In honor of the Jan. 20 holiday honoring Martin Luther King, Jr., school officials asked Lopez to share some of his experiences and memories of a different time on a different island in a different world.
“These are some of the things we endured.”
“I remember the colored-only water fountains — it didn’t have cold water. It was painted black porcelain, and the whites-only water fountain was a new stainless steel one with a compressor inside to chill the water.”
“I would not have been legally allowed to marry the woman I love prior to 1977, when mixed-race marriage was allowed.”
“I remember my grandmother and her two sisters making sure we stayed behind the line in the back of the bus.”
“Key West was not as badly segregated as other places, but it still existed.”
“Even though Key West still had a mix of backgrounds, we all had little pockets in which we stayed.”
“Blacks couldn’t even be buried next to white people in the cemetery.”
“There was anger on both sides following desegregation.”
“There were at least one or two fights weekly after the schools integrated.”

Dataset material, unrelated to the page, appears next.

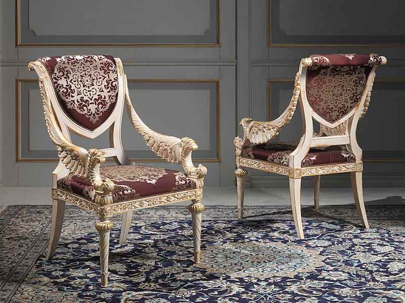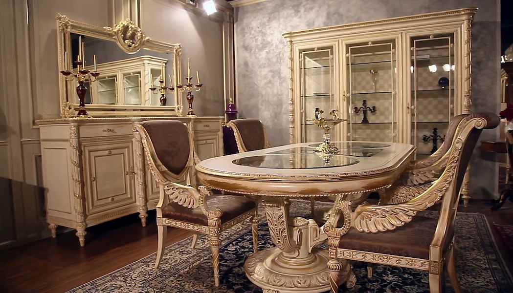 در ساخت این مدل مبلمانها از چوبهای با کیفیت به رنگهای سفید و مبل سلطنتی چوب قهوه ای استفاده شده است. ویژگی که این دسته از مبلهای کلاسیک دارند شامل موارد زیر می باشد:

“Those of us who struggled socially and academically were targeted, but a few teachers saw us struggling and reached out.”
“In 1972, what began as a simple disagreement between a black student and a white student turned into a citywide riot.”
“There was a period when blacks couldn’t swim at Smathers or Higgs Beach. What’s now the Southernmost Point buoy was called the Colored Beach.”
“There’s always a way to find some good or to make a bad situation better.”
“My politics and religion don’t have to agree with yours, but if we can work together to make this a better place, that’s what we’re here to do.”